Mark smiled. “No offense to Grammy, but people won’t be there for her. They’ll be there for Ansley. And for you girls.”
My tears spilled over again because I was so grateful our mother had made our home in a town that loved us so much and would always be there for us.
Emerson and I were hugging, and Adam and Taylor were throwing fabric swatches in the air, when Kyle walked through the door. He put an arm around each of us and hugged us. “I don’t like my Murphy girls to be sad,” he said.
I wiped my eyes and nose and said, “You always make us feel better.”
“Because I’m Super Coffee Man?” Kyle asked, hands on his hips, chest puffed out.
That, of course, made us laugh, and order was restored to the world.
Kyle smiled. “My work here is done. Now I’m off to the church to get set up. Grammy wouldn’t want her mourners drinking Folgers.”
Everyone we knew and loved in this town was working on this funeral like they didn’t have a care in the world, save making my grandmother’s final celebration amazing. I sat back down, handed AJ an old wallpaper book and a pair of scissors, and said, “Can you cut some shapes out for Mommy?”
He smiled enthusiastically. “Sure, Mommy. I’ll cut you circles.”
Then I pushed a huge pile of fabric Taylor’s way and said, “Find all the red and p
ut it in a pile for Mommy.”
This would buy me at least ten minutes—and be educational—while I put the finishing touches on this piece.
Instead of resuming my painting, though, I found myself staring at my boys. I thought about Grammy and Adam. They didn’t get to sit here and marvel at these perfect babies. So I put my brushes down and said, “Never mind, kiddos. Let’s go play.”
“Yay!” AJ said.
Taylor clapped his hands together. “Play, play, play!”
Like Kyle a few minutes earlier, for a second, I felt like Supermom, like I could raise these kids and have this job and handle anything else that came my way. I’m not sure if it was true. But, either way, it was the best feeling I’d had in quite some time.
THIRTY
eternity
ansley
I don’t remember my mother’s funeral. I’m told it was beautiful, and I know that was true because I checked the flowers before I took enough of Caroline’s in-case-of-plane-flight Valium to get through the church and the handshaking and the stories about my mother with some sense of composure. Caroline informed me I even made a little joke. The mayor had had the hots for my mom for as long as I could remember, so when things got really rough with my former neighbor Mr. Solomon—like the time he said my grass seed had blown into his yard and was now growing there—Bob always took my side. When Mayor Bob came up, blotting his eyes, and hugged me, I evidently said, “Thank God Mr. Solomon went first.” I was funny.

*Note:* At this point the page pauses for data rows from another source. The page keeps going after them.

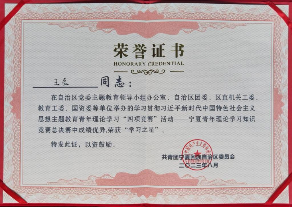 近日,在自治區(qū)學習貫徹習近平新時代中國特色社會主義思想主題教育青年理論學習“四項競賽”中,集團公司第六青年理論學習小組被評為理論學習“標桿小組”,寧夏國投基金管理有限公司員工王瑩榮獲寧夏青年理論學習知識競賽優(yōu)秀獎、學習之星稱號。
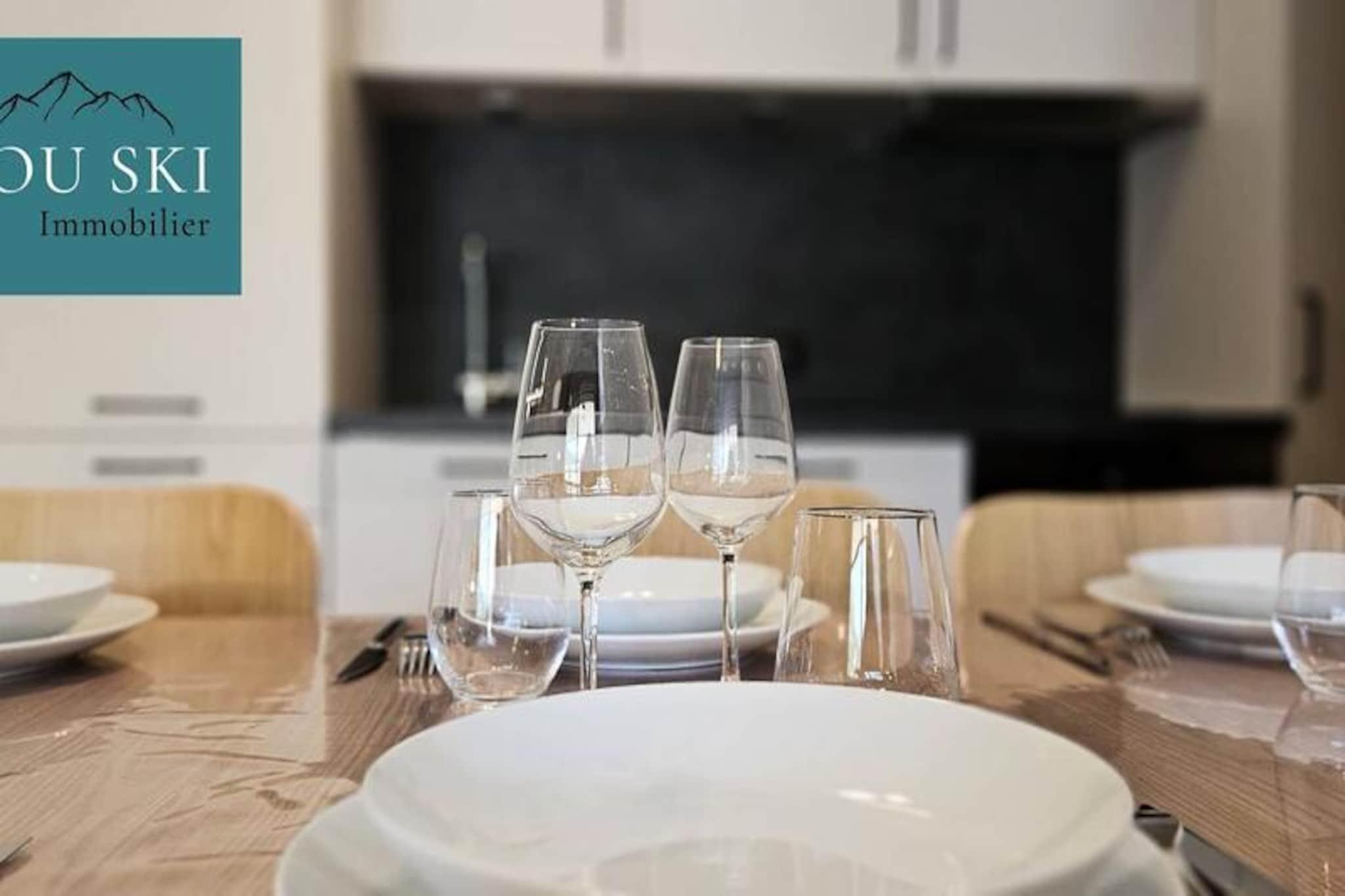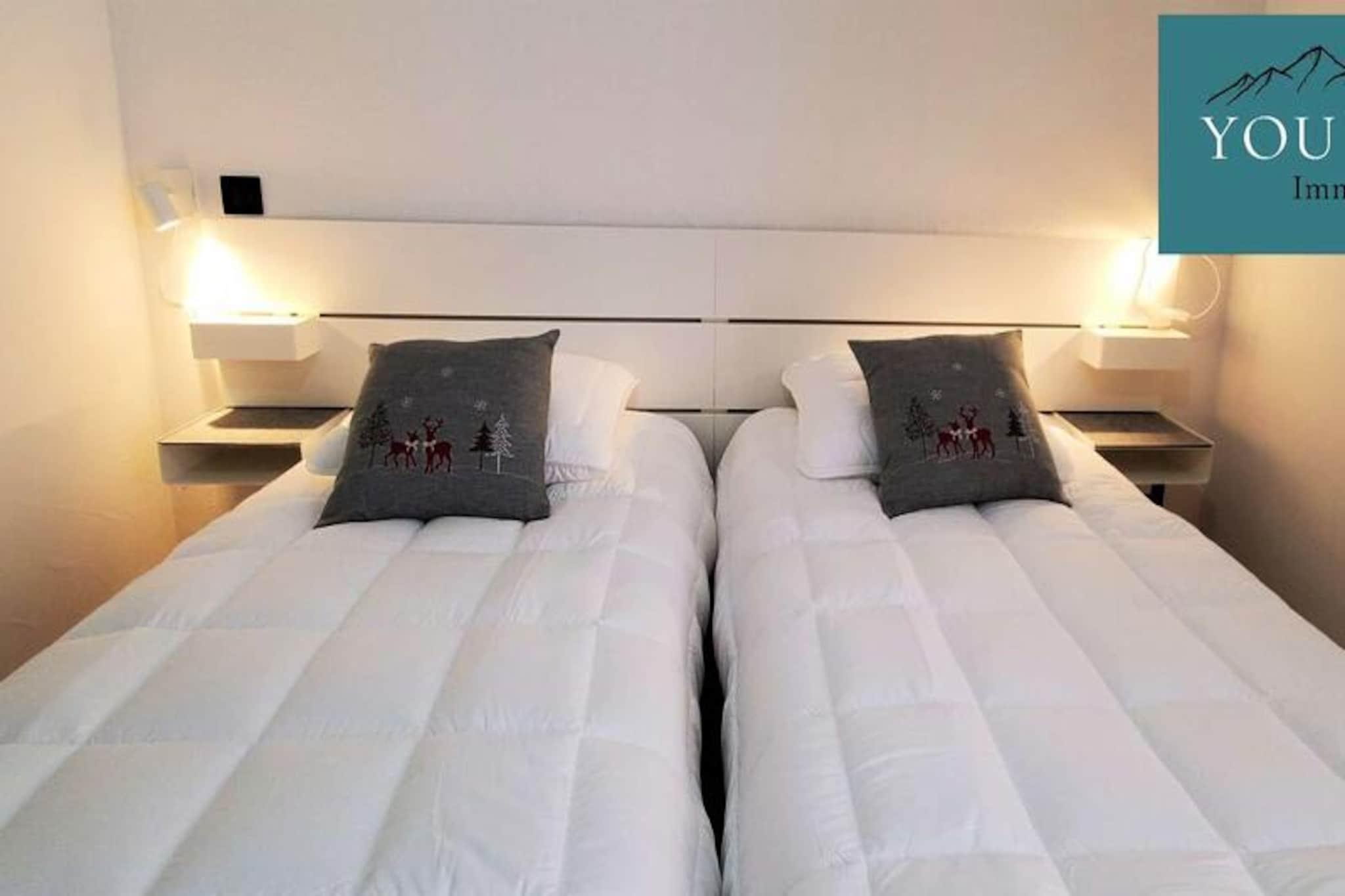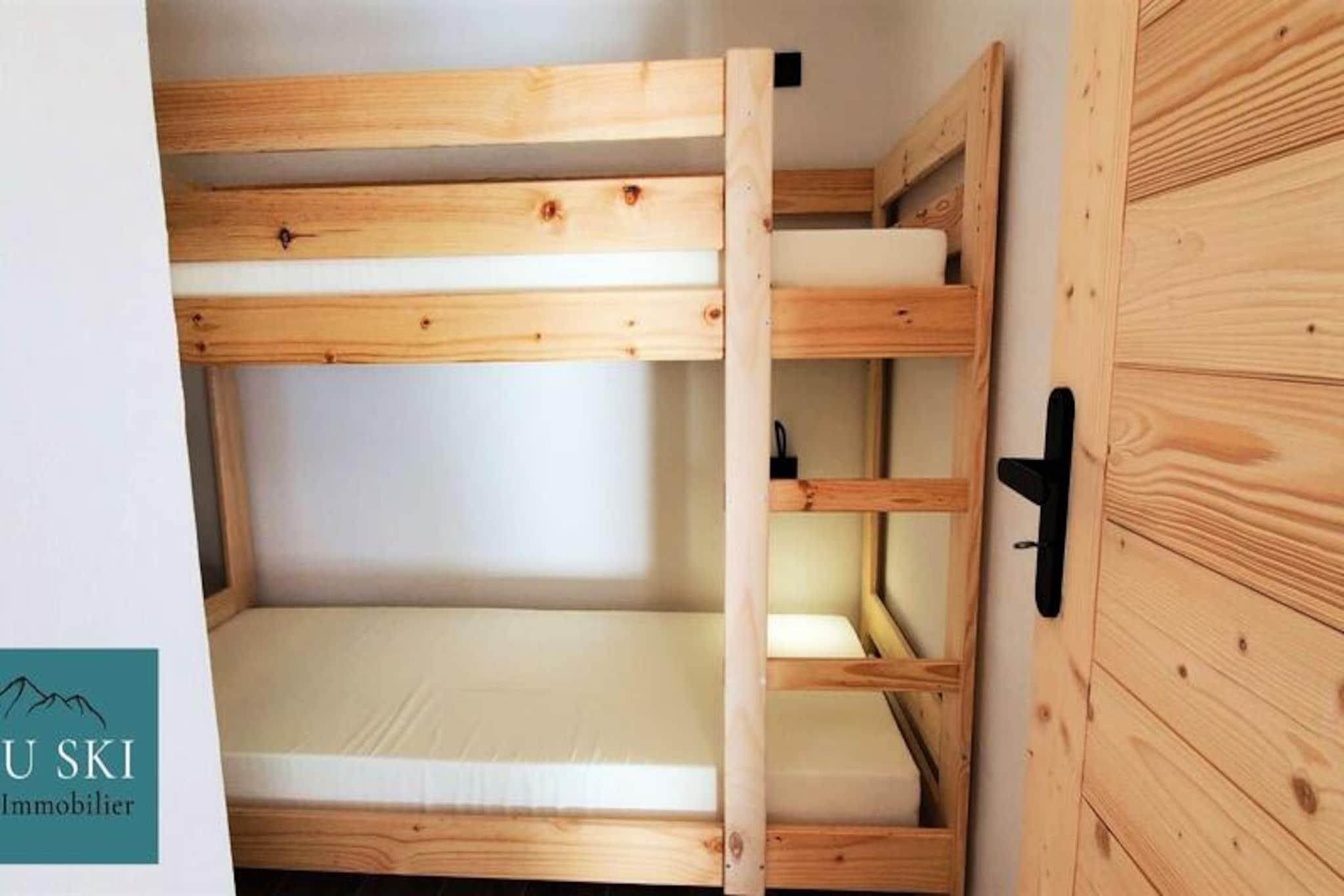 This charming and comfortable apartment offers three spacious bedrooms, making it ideal for families or groups. It features a master bedroom with a 160x200cm double bed and TV, a bedroom with an 80x200cm bunk bed, and another bedroom with two 80x200cm single beds. The apartment is pet-free and includes bed and bathroom linens for added convenience. A large living room offers a beautiful mountain view, and the apartment is equipped with modern amenities, including heating for a cozy stay. Located in the quiet village center, the property is just 100 meters from a ski shop and a restaurant. The ski slopes, ski school, daycare, and tourist office are only 600 meters away, easily accessible by the free shuttle service at the foot of the residence. The central location places guests close to essential services and the picturesque surroundings of the village, ensuring a peaceful and convenient stay. The apartment boasts a fully equipped kitchen with a dishwasher, fridge, oven, and both an electric filter coffee maker and a NESPRESSO machine. It also includes a kettle, toaster, and raclette grill for cozy meals. The bathroom comes with a WC, and additional amenities include a ski locker and covered parking space for your convenience. Enjoy the large balcony, perfect for relaxing after a day on the slopes.
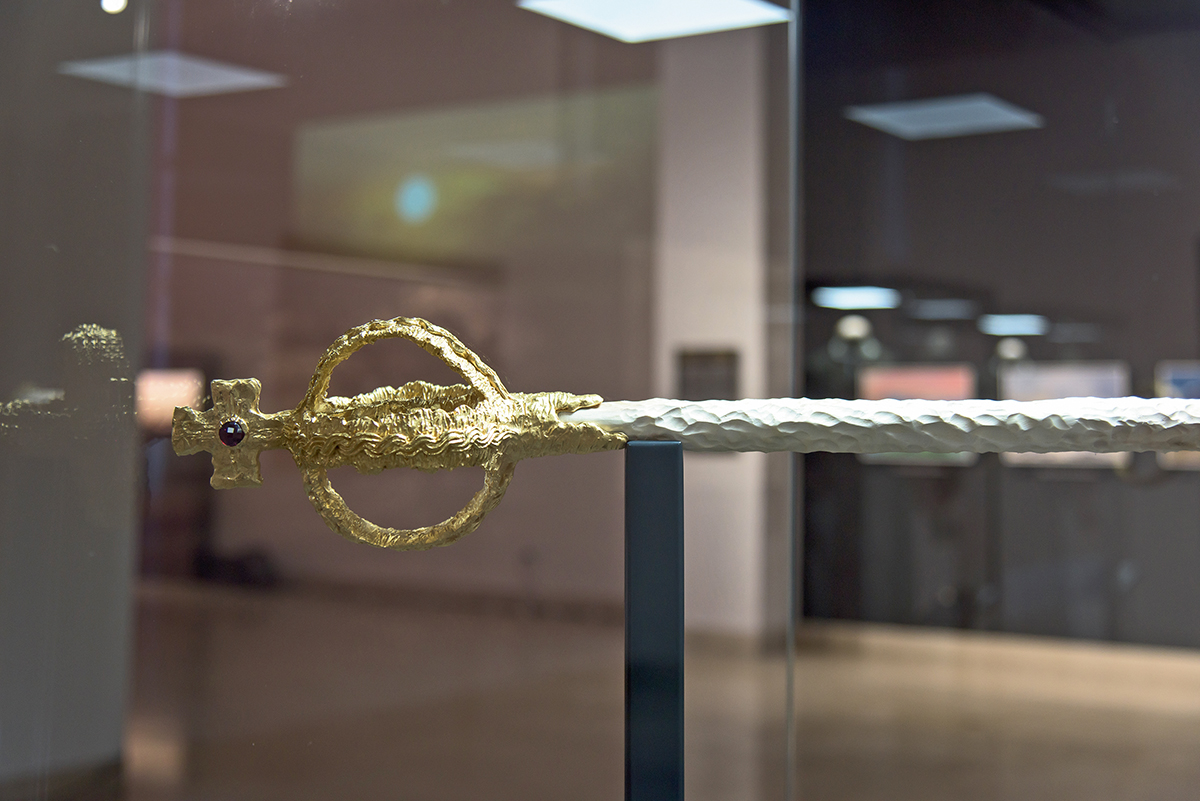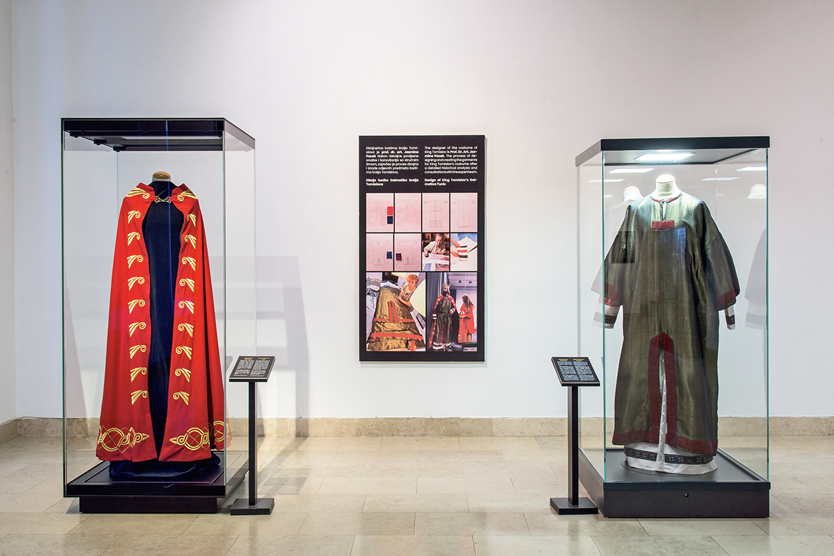 U prvoj cjelini u nekoliko vitrina izloženi su stilizirana odjeća, pojas, čizme, kruna, žezlo i mač velikodostojnika, kralja. Dizajn i izrada odjeće i obuće – donje tunike dalmatike, gornje tunike albe, plašta i čizama – povjereni su kostimografkinji izv. prof. dr. art. Jasmini Pacek s Akademije za umjetnost i kulturu u Osijeku i timu njezinih suradnika. Svaka odjevna sastavnica dizajnirana je na temelju kostimografske analize različitih arheoloških i povijesnih izvora, u skladu sa srednjovjekovnim odijevanjem vladara na širem geografskom području. U proces ručne izrade svih odjevnih slojeva (tkanje, krojenje, šivanje, vezenje) i drugih izložaka bili su uključeni brojni specijalizirani dionici: tkalac, konstruktorica kostima, krojačica, vezilja, obućari, kipari, izrađivač nakita, zlatar, poznavatelji viteške opreme i dr.. Posebnu pozornost posjetitelja, izdvojena u samostalnoj vitrini, privlači kruna kralja Tomislava izrađena, prema idejnom rješenju akademskog kipara Ilije Skočibušića, od srebra, teška 3,8 kg, s pozlatom i odabranim dekorativnim elementima. U istu cjelinu, ali izdvojeno u krajnjem, interaktivnom dijelu izložbe te namijenjeno posjetiteljima za sjedanje i fotografiranje, pripada i stilizirano visoko prijestolje s dekorativnim pleternim i zoomorfnim ornamentima.
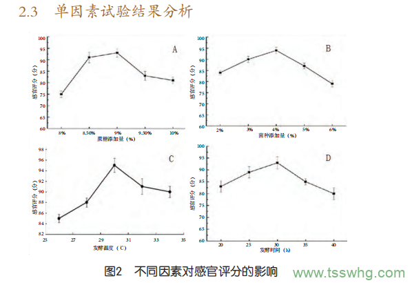 在發(fā)酵過程中,糖添加量、菌種添加量、發(fā)酵溫度和發(fā)酵時(shí)間均對發(fā)酵乳感官評分影響較大。用牦牛奶與荷斯坦牛奶比例為2:1進(jìn)行單因素試驗(yàn),結(jié)果如圖2所示:
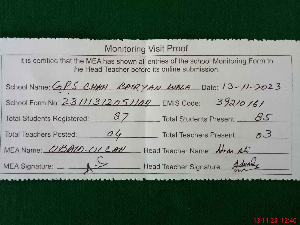 | Attendance Register | Head Teacher | MEA with School | Visit Proof |
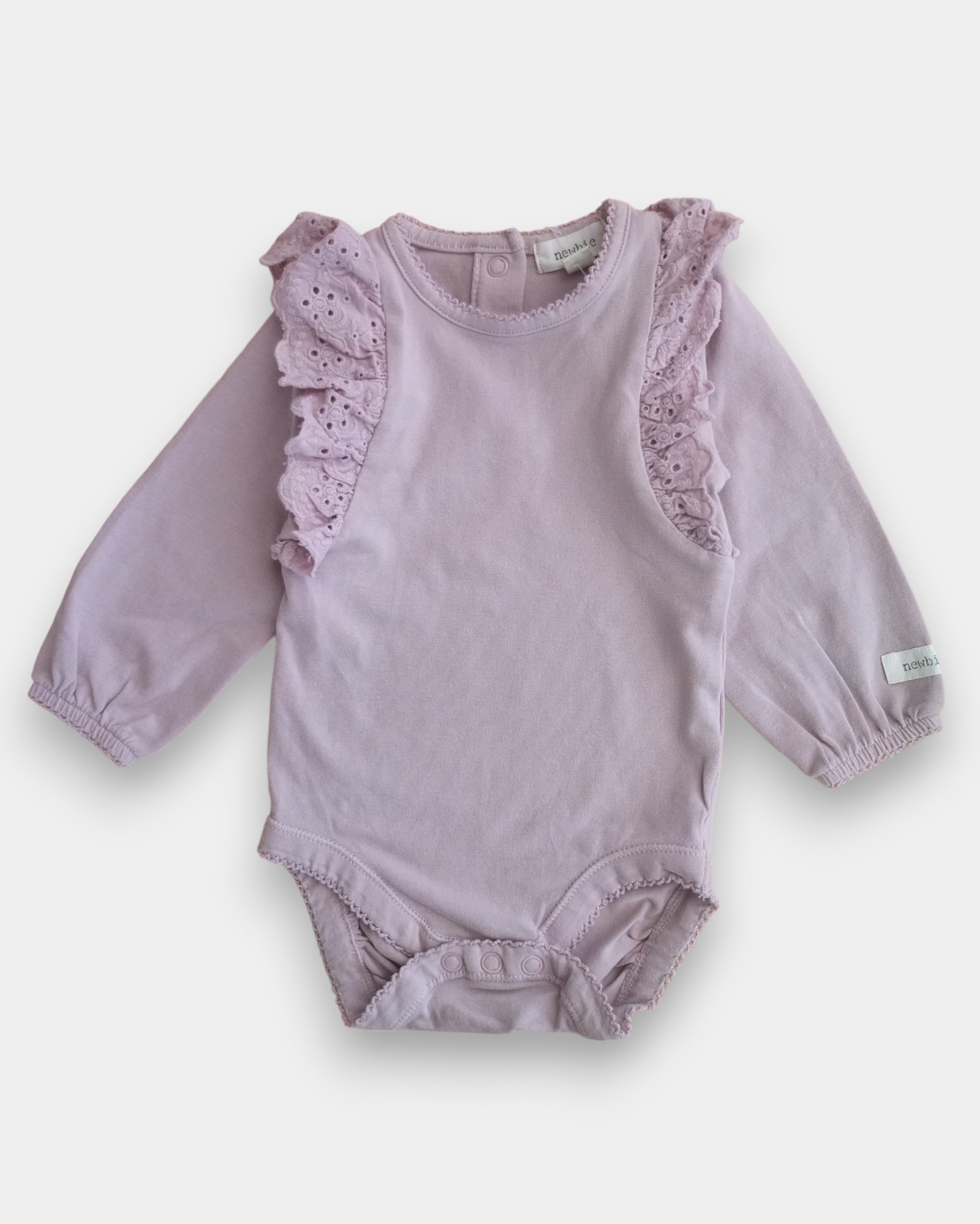 Body med långa ärmar, volanger och broderade detaljer.
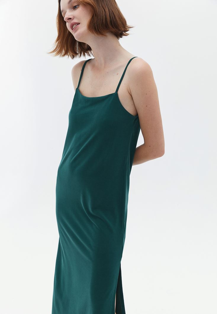 Modal karışımlı özel yumuşak doku, bedene yakın fit, ayarlanabilir ince askılı, geniş yaka, uzun kesim, içi astarsız, yan kısmı yırtmaçlı.
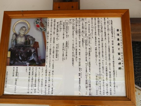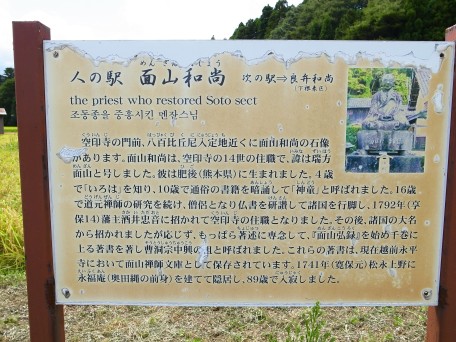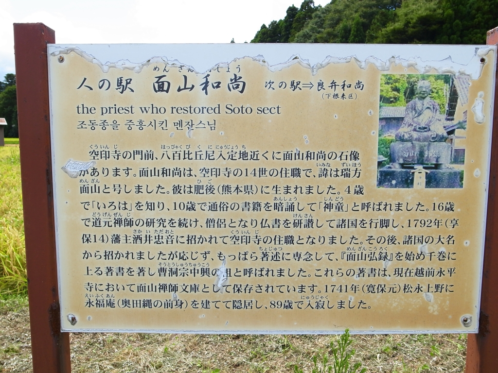 鵜の瀬に向かう途中にはいつも、小浜市上野地区内の「水土里直売所」 に立ち寄って野菜などを買って行くのだが、 今回はうっかりいつもの曲がり角を通り過ぎてしまう。 そこで次の角の田んぼの間の細い道を廻り、上野地区の集落をかすめて直売所に向かった。 この細道に入る角で、これまで気づかなかった「人の駅」の看板を見かける。 これは、小浜(あるいは若狭)ゆかりの人物についての解説が書かれているもので、 鵜の瀬の白石神社の前に、その下根来地区ゆかりの人物として 「良弁和尚」の解説が書かれているのは見ていたが、 このシリーズの他の人物の解説は今回初めて見た。 表題には「面山和尚」と書かれているが、 この時はあぁそういう人がいるんだと思った程度で通り過ぎる。
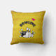 Een leuk kussen. Een zwarte en witte set bowlingspelden en een bowlingbal. De gekromde tekst zegt Bowling met een hart boven de i. Eenvoudig ontwerp voor bowlingventilatoren. Plaats op een donkergele getextureerde achtergrond met zwakke strepen.

My memory kicks in—hazily, more like I’m watching it all play out on video than actually living it—after the funeral, about the time I put on yoga pants and a sweatshirt. It was 75 degrees, but I wanted to feel cozy. I remember my brother Scott knocking on my door. I remember crying on his shoulder and begging him to come home in one piece. I remember John telling me he knew the spreading of our mother’s ashes was something he didn’t deserve. I remember telling him lightly that I agreed. He laughed, but we both knew I meant it wholeheartedly. And then I said, “You should come, John.”